● **Brief**:
Write down exactly the lines from the one below that has "Дверь сейфа подвешена" to the end of the data, both ends included; the pictures should not appear in your copy.

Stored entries
⁂

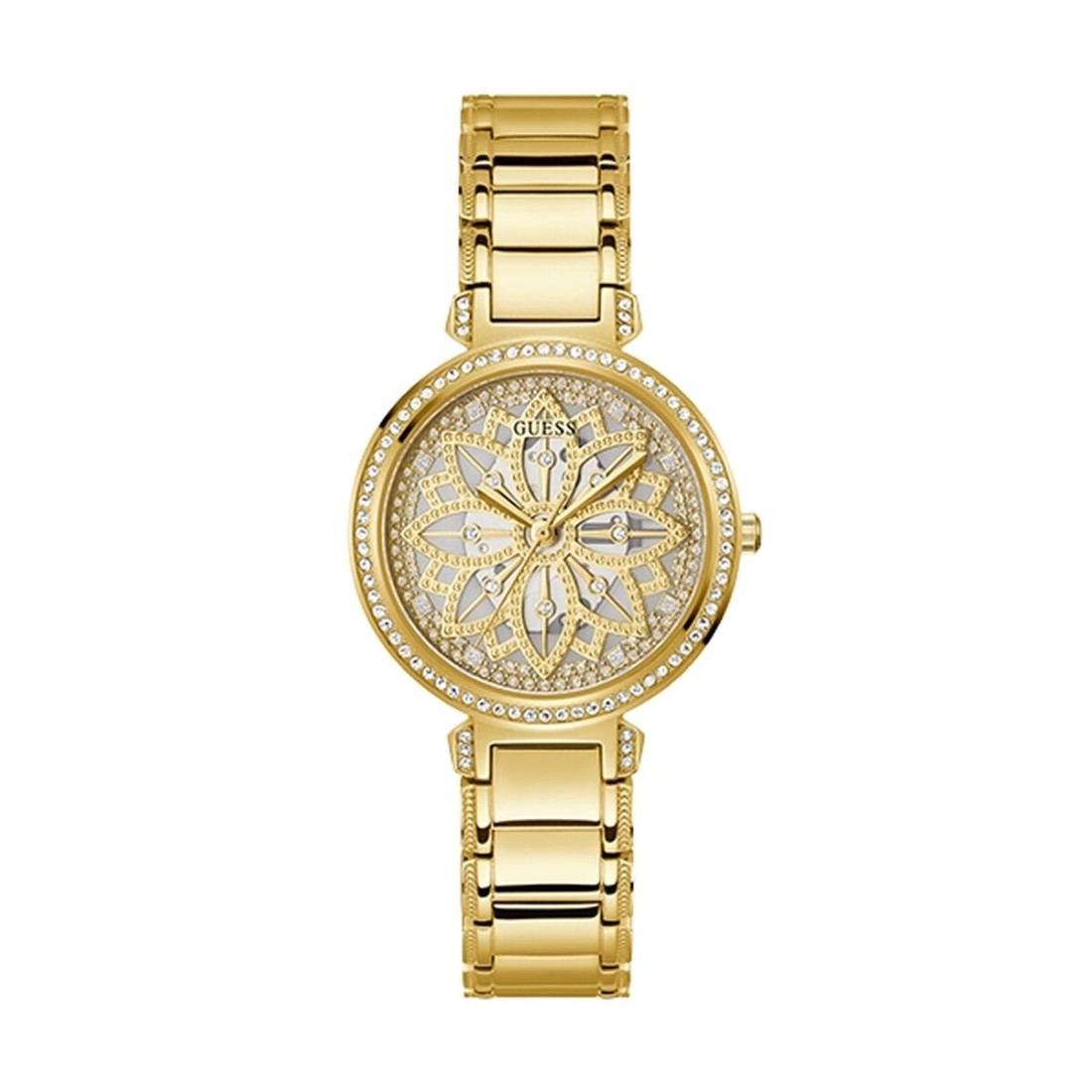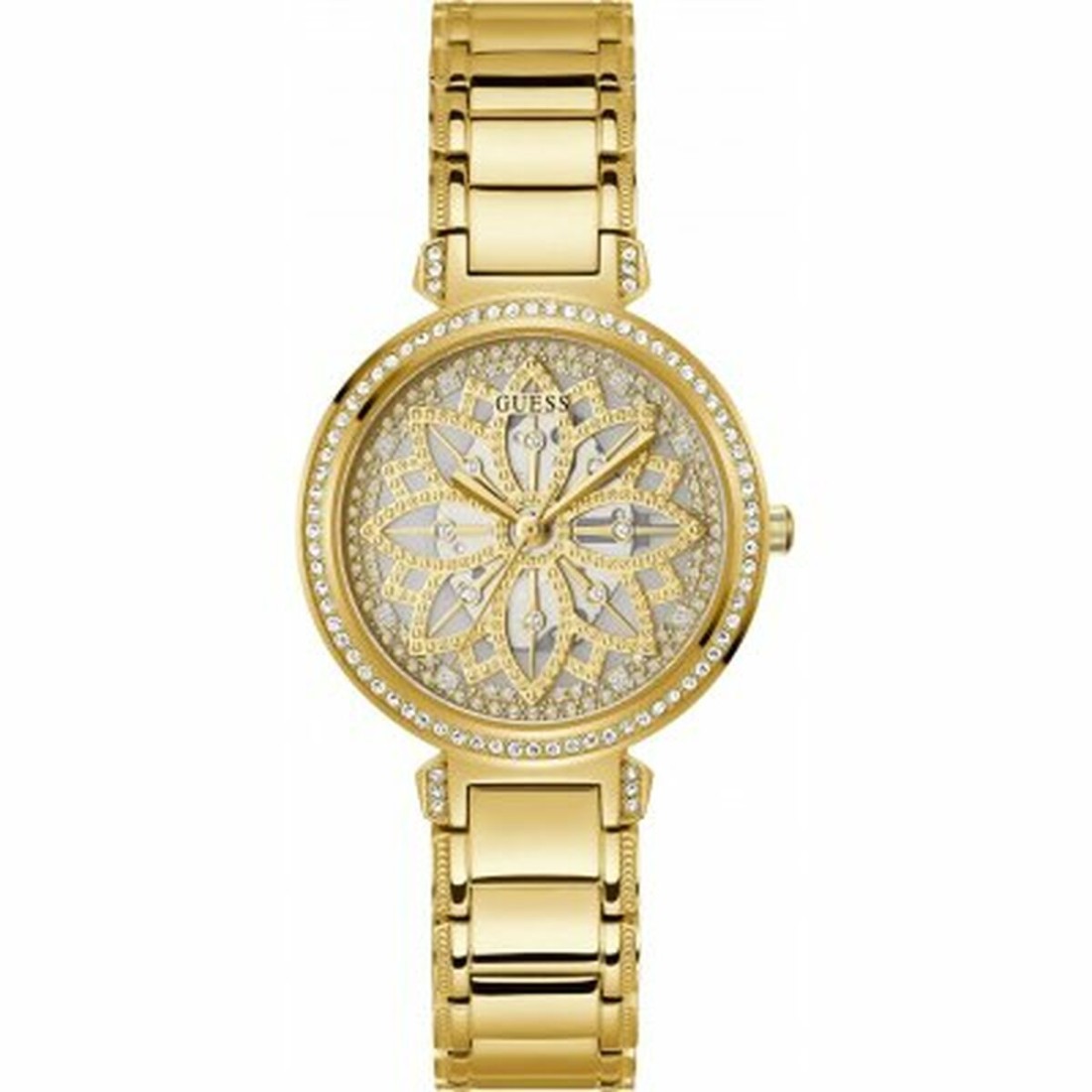 The Guess women's watch is an elegant and sophisticated accessory designed for those who value the perfect blend of style and functionality. It features a gold-tone stainless steel strap that provides durability and a shiny finish, ideal for everyday wear or special occasions. The stainless steel case ensures long-lasting protection for the internal mechanism against shocks and wear. Its gold dial complements the overall look of the watch, offering a uniform and striking appearance that suits various outfits. Additionally, the mineral crystal covering the dial offers good scratch resistance and ensures readability in different lighting conditions. This watch is specifically designed for women, incorporating details that highlight femininity without compromising the device’s sturdiness. It combines quality materials with timeless design, perfect for those seeking a distinctive yet practical accessory. Overall, this Guess watch represents a balanced choice for those wanting a reliable and visually appealing product within the female stainless steel and gold-tone watch segment.
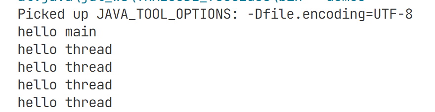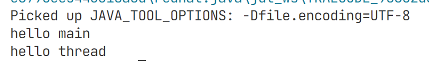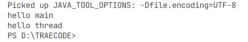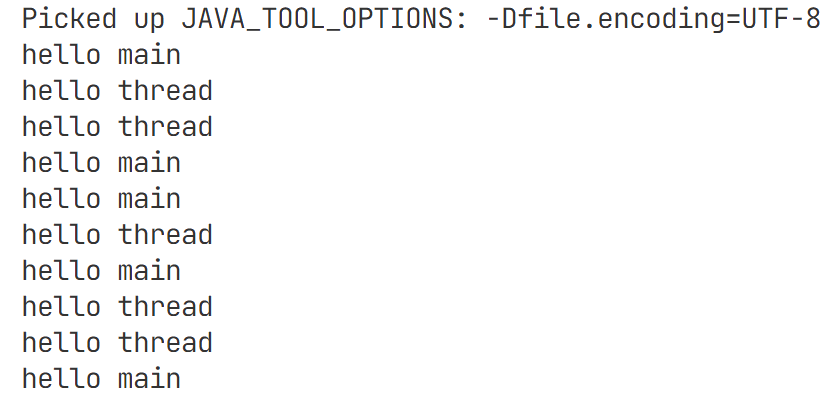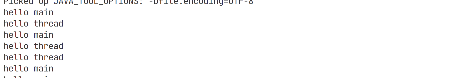 class myThread extends Thread{@Overridepublic void run() {while(true){try {System.out.println("hello thread");Thread.sleep(1000);} catch (InterruptedException e) {e.printStackTrace();}}}}public class demo1 {public static void main(String[] args) {Thread thread = new myThread();thread.start();while(true){try {System.out.println("hello main");Thread.sleep(1000);} catch (InterruptedException e) {e.printStackTrace();}}}
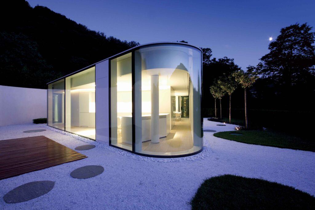 A living space featuring all‑white furniture is just the right note in a house of glass, since its classic modern elegance enhances rather than distracts from the enchanting scenery outside. While the idea of living in a glass house deep within the woods of Switzerland inspires equal parts fascination and hesitation, one glimpse of Lake Lugano House is enough to silence any doubts. Built by Milan-based JM Architecture in 2010, the home manages to feel both private and open, perched in a secluded crest overlooking the serene waters of Lake Lugano and the distant Swiss Alps. The true beauty of the living room lies in its simplicity. A few carefully placed dark throw pillows provide contrast, but nature is the artwork in this pristine interior. The room becomes a quiet stage upon which light, sky and landscape perform.
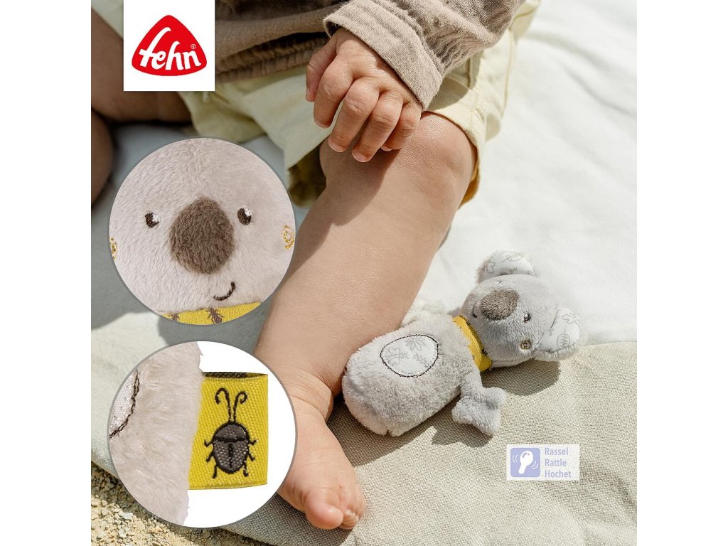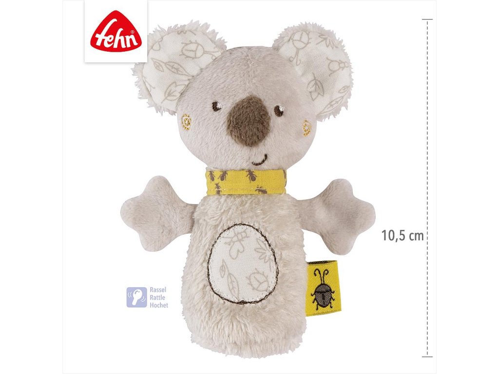 Roztomilá chrastící koala z australské kolekce probudí zvědavost i smysly vašeho miminka už od prvních dnů. Hravě podporuje sluch, úchop i jemnou motoriku, zatímco měkké materiály lákají k prozkoumání. Díky své velikosti a tvaru padne dokonale do malých ručiček a chrastivý zvuk odmění každý pohyb. Perfektní jako první hračka i dárek k narození či křtu.
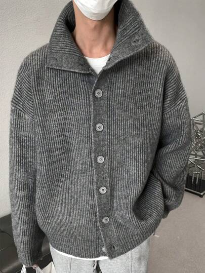 Manfinity Dauomo Camisa casual de manga larga con botones al frente, sencilla, para uso diario de hombres - Gris Oscuro - Añade 6
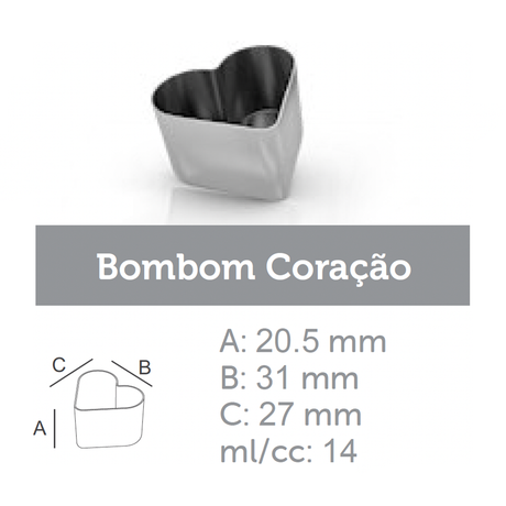 Ataforma Mold Bombom Coração 11ml 0.4 oz 14 cavities
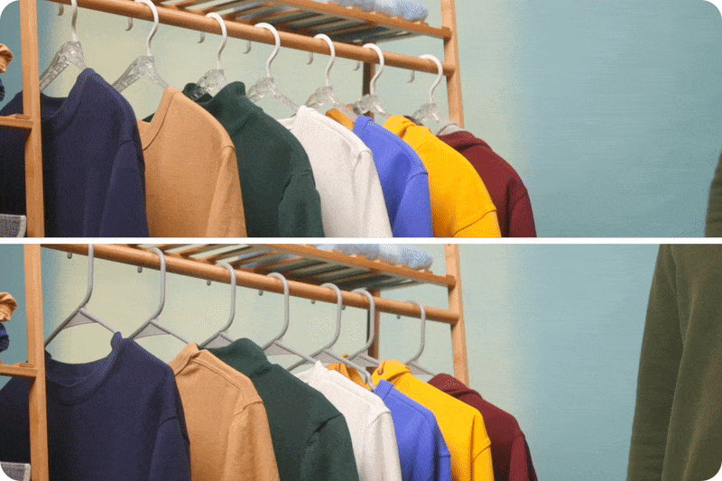 With a simple twist, hang or remove clothes easily, up to 10x faster than using regular hangers.
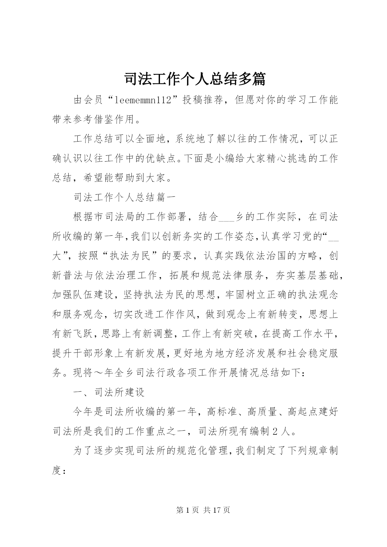 第PAGE\*Arabic\*MERGEFORMAT17页共NUMPAGES\*MERGEFORMAT17页司法工作个人总结多篇由会员“leememmn112”投稿推荐,但愿对你的学习工作能带来参考借鉴作用。工作总结可以全面地,系统地了解以往的工作情况,可以正确认识以往工作中的优缺点。下面是小编给大家精心挑选的工作总结,希望能帮助到大家。司法工作个人总结篇一根据市司法局的工作部署,结合___乡的工作实际,在司法所收编的第一年,我们以创新务实的工作姿态,认真学习党的“__大”,按照“执法为民”的
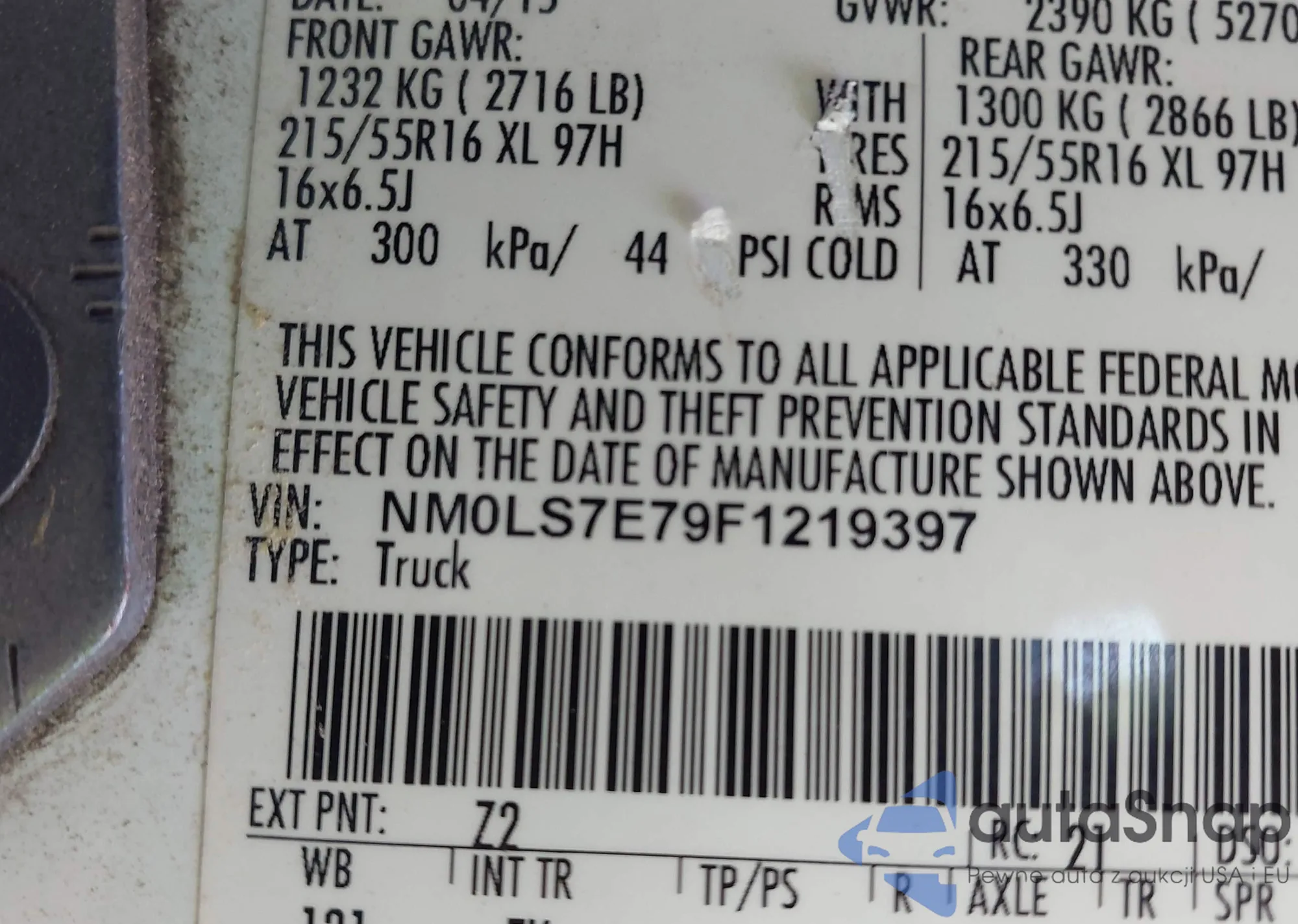 • VIN 3VW5T7AUXFM015082
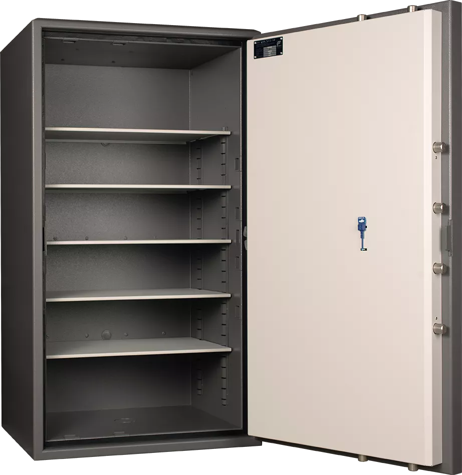 Дверь сейфа подвешена на мощных внешних петлях и распахивается на угол 180°, предоставляя владельцу полный обзор содержимого.
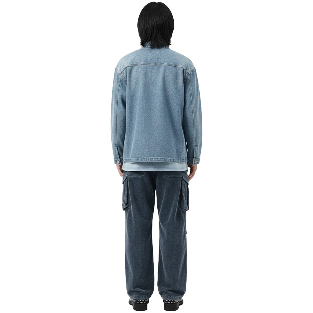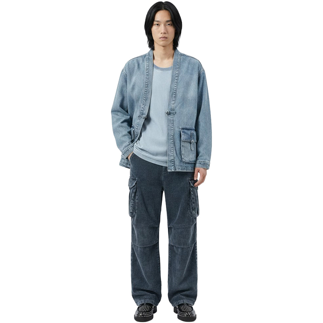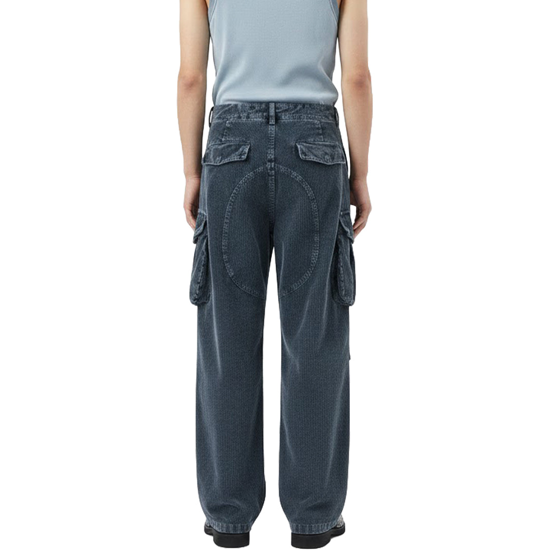 • Thick wale corduroy gives these cargo trousers a distinct, tactile finish that breaks up a flat outfit. The wide-leg cut stacks cleanly over boots, creating a strong profile for the season.
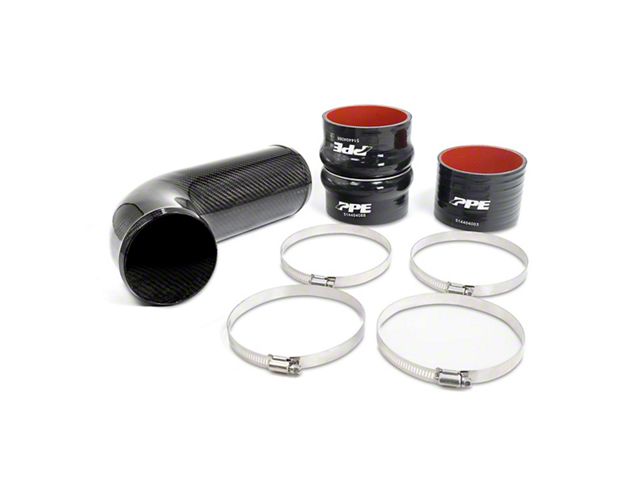 The PPE Zilla Carbon Fiber Turbo Inlet Tube replaces the restrictive, plastic intake tube and resonator that comes stock on your truck. The kit includes the PPE Zilla Carbon Fiber Turbo Inlet Tube, two Heavy-Duty 6mm 5ply Black Silicone Couplers, and stainless steel coupler clamps.
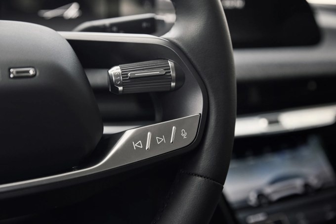 我很欣賞 Lucid 決定保留一些物理控制。Pilot Panel 上方有用於調節温度和音量的觸感旋鈕。方向盤上也有物理按鈕,用於啓動高級駕駛輔助系統、切換歌曲和激活語音助手。
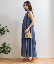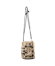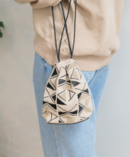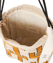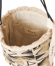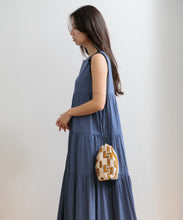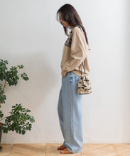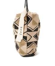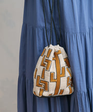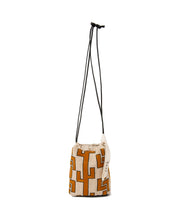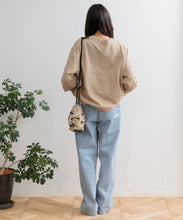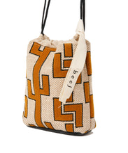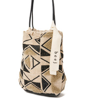 しゃり感のある綿麻生地に、2種類のオリジナル刺繍を施したバッグ。使いやすい巾着の形は、肩に掛けられるので便利です。

⁂

● **Result of the exercise**:
 Дверь сейфа подвешена на мощных внешних петлях и распахивается на угол 180°, предоставляя владельцу полный обзор содержимого.
 • Thick wale corduroy gives these cargo trousers a distinct, tactile finish that breaks up a flat outfit. The wide-leg cut stacks cleanly over boots, creating a strong profile for the season.
 The PPE Zilla Carbon Fiber Turbo Inlet Tube replaces the restrictive, plastic intake tube and resonator that comes stock on your truck. The kit includes the PPE Zilla Carbon Fiber Turbo Inlet Tube, two Heavy-Duty 6mm 5ply Black Silicone Couplers, and stainless steel coupler clamps.
 我很欣賞 Lucid 決定保留一些物理控制。Pilot Panel 上方有用於調節温度和音量的觸感旋鈕。方向盤上也有物理按鈕,用於啓動高級駕駛輔助系統、切換歌曲和激活語音助手。
 しゃり感のある綿麻生地に、2種類のオリジナル刺繍を施したバッグ。使いやすい巾着の形は、肩に掛けられるので便利です。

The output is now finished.